Conséquences sociales et urbanistiques : gentrification et habitat urbain
Ces règles locales engendrent des effets visibles sur la vie de quartier et sur la gentrification des secteurs touristiques prisés. Selon 24 Heures, le nombre d’annonces a augmenté significativement dans certains cantons suisses, impactant l’offre locative.
Effets sur la vie de quartier et la gentrification
Ce phénomène modifie la composition sociale des quartiers, avec une rotation plus élevée des occupants et une moindre cohésion entre voisins. Selon 24 Heures, Genève recensait plusieurs milliers d’annonces, tandis que le canton de Vaud affichait une forte augmentation des offres.
Ville
Caractéristique
Mesure locale
Source
Paris
Forte pression touristique et logement tendu
Quotas et encadrement d’annonces
Selon la loi Le Meur
Barcelone
Interdiction progressive des meublés touristiques
Objectif d’interdiction d’ici 2029
Selon médias européens
Genève
Concentration d’annonces dans quartiers centraux
Limite annuelle de quatre-vingt-dix jours
Selon Inside Airbnb
Lausanne
Hausse des nuisances et pression sur loyers
Taxe automatique et contrôles
Selon 24 Heures
Ces données montrent que les réponses varient fortement selon le contexte local, et que la régulation peut avoir des impacts contrastés.

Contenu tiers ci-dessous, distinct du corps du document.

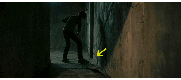 同じ頃、いつもようにコカインを吸っていたマックスは、自分の作った地図を見て、この家が、色々な誘拐事件の中心に位置しているのに気付く。そして、マックスは、地下室へ降りていくドアを開ける。地下室の照明が点いたので、いよいよ決戦の時だと思ったフィニーは、土を詰めた受話器を手に持って待ち構える。重い鉄扉がそろそろと開き、マックスが顔を見せる。彼は、中を見て、「ありえん〔No fucking way〕。彼が、ここに何かを隠してることは知ってたが、まさか、なんてことだ〔holy Mary, mother of God〕!」と、驚嘆する。フィニーはマックスによって助け出されると思いきや、そこに、フィニーの死骸を入れる袋を買いに行って戻ったグラバーが、仮面を被り、斧を持って階段をそっと降りて来る。そして、実の弟のマックスの頭に 斧を振り下ろす(1枚目の写真、矢印は斧)。マックスは即死。上半分だけの仮面を付けたグラバーは、地下室に入ると、フィニーに、「貴様が、俺に何をさせたか見てみやがれ。弟を殺させたんだぞ」と、勝手な言い掛かりをつける。そして、「貴様は、これから、他のガキどもと一緒になるんだ。言うことをきかん連中とな」と、死を宣言する。その頃、警察は 「7741」の家の玄関に到着している。グラバーは、マックスの頭から斧を引き抜くと、「いつもはナイフを使う。だが貴様は特別だ。時間をかけて、とことん苦しめてやる」と言い、「サムソン!」と、獰猛な犬を呼び寄せる。警察は、応答のない玄関を破り、中に押し入るが、中には誰もいない。グラバーは、斧を手にしてフィニーに向かって行く(2枚目の写真、矢印は斧)。彼が、斧を振り上げて叩き下ろした瞬間、フィニーは逃げて、便器のある通路に走り込み、ケーブルの先端を掴む。そして、グラバーが通路に突進して来ると、ケーブルを引く。ケーブルは、L字型になっていて、通路の入口全体を遮断した後、壁に沿って、フィニーまで伸びている。グラバーは、ケーブルに足を引っかけて転倒し(3枚目の写真、中央の下向きの矢印は壁に沿ってケーブル、右側の矢印は、穴が見えないように被せてあるビニールシート)、そのまま、ビニールシートと一緒に深い穴に落ちる(4枚目の写真、空色の矢印は落下方向、左の矢印はビニールシート)。穴の底には、窓にはまっていた鉄格子が斜めに置いてあり、グラバーの足は、それにぶつかって右足は恐らく捻挫し、左足は動けなくなる(5枚目の写真、矢印は鉄格子)。

La question reste d’articuler les besoins des visiteurs et ceux des habitant·e·s permanents.
Réponses possibles : concilier tourisme et droit au logement
Ce volet propose des mesures opérationnelles pour limiter la spéculation et préserver le tissu social urbain. L’objectif est de maintenir une économie collaborative bénéfique sans sacrifier le droit au logement.
Solutions opérationnelles :
- Quotas par quartier pour limiter le nombre d’annonces
- Taxation progressive des revenus issus des locations
- Encadrement par les copropriétés et sanctions coordonnées
- Investissement dans l’offre de logement social et abordable
« J’ai vu des loyers monter fortement dans mon immeuble quand plusieurs appartements sont passés en location touristique. »
Paul N.
« Les experts préconisent un encadrement équilibré entre attractivité touristique et protection du logement. »
Sophie R.
Concilier économie collaborative et droits des résidents locaux exige des choix politiques soutenus par des contrôles fiables et des moyens d’application. Les décisions à venir détermineront la qualité de vie urbaine pour les prochaines années.
Source : 24 Heures ; Inside Airbnb ; Tages-Anzeiger.